The claimant appealed the Tribunal’s decision that he did not suffer a catastrophic impairment. The claimant raised multiple procedural issues and fairness issues. The Court dismissed the appeal, holding that the reasons applied the correct legal tests and provided detailed, comprehensive reasons for the conclusions reached. The causation test used by the Tribunal was correct, and the Tribunal’s conclusion that the alleged injuries and impairments were not caused by the accident was supported by the record. The claimant was given a seven day hearing and was allowed to present her case, call witnesses, cross-examine the insurer’s experts, raise objections, and make submissions. There was no indication that the hearing was conducted in a manner inconsistent with procedural fairness or the claimant’s expectations.
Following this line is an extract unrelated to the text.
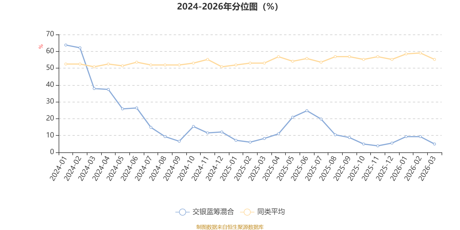 通过所选区间该基金净值增长率分位图,可以观察该基金与同类基金业绩比较情况。图为坐标原点到区间内某时点的净值增长率在同类基金中的分位数。

Baskaran v. Security National Insurance Company (2025 ONSC 1014)

The claimant appealed the Tribunal’s decision that he suffered a MIG injury. The Court rejected the appeal, concluding that the claimant was essentially seeking a re-weighing of the evidence. The Court acknowledged that the Tribunal made a factual error in the medical chronology, but that the error was not sufficiently central or significant to the outcome, and would not have changed the result.

Traders General Insurance Company v. Rumball (2025 ONSC 779)

The insurer sought judicial review of the Tribunal’s decision that the claimant’s IRB entitlement was barred by the limitation period. The Tribunal had found that the denial in 2015 was not clear or unequivocal because it stated that if the claimant stopped working again, she could submit a new Disability Certificate to determine eligibility. The Court dismissed the judicial review, finding that the Tribunal’s decision was reasonable, and that there was no unfairness to the insurer in the hearing process.

Jendrika v. Intact Insurance Company (2025 ONSC 652)

The claimant appealed the Tribunal’s decision that she was not entitled to IRBs or disputed medical benefits. The Court dismissed the appeal, holding that there was no procedural unfairness in conducting a written hearing, and that the claimant’s appeal was largely based on disagreement on the weight to be given to the evidence and expert opinions. Neither party made submissions regarding the MIG, so the adjudicator was entitled to conclude that it was not an issue in dispute. Finally, the Tribunal applied the correct test for pre-104 week and post-104 week IRBs.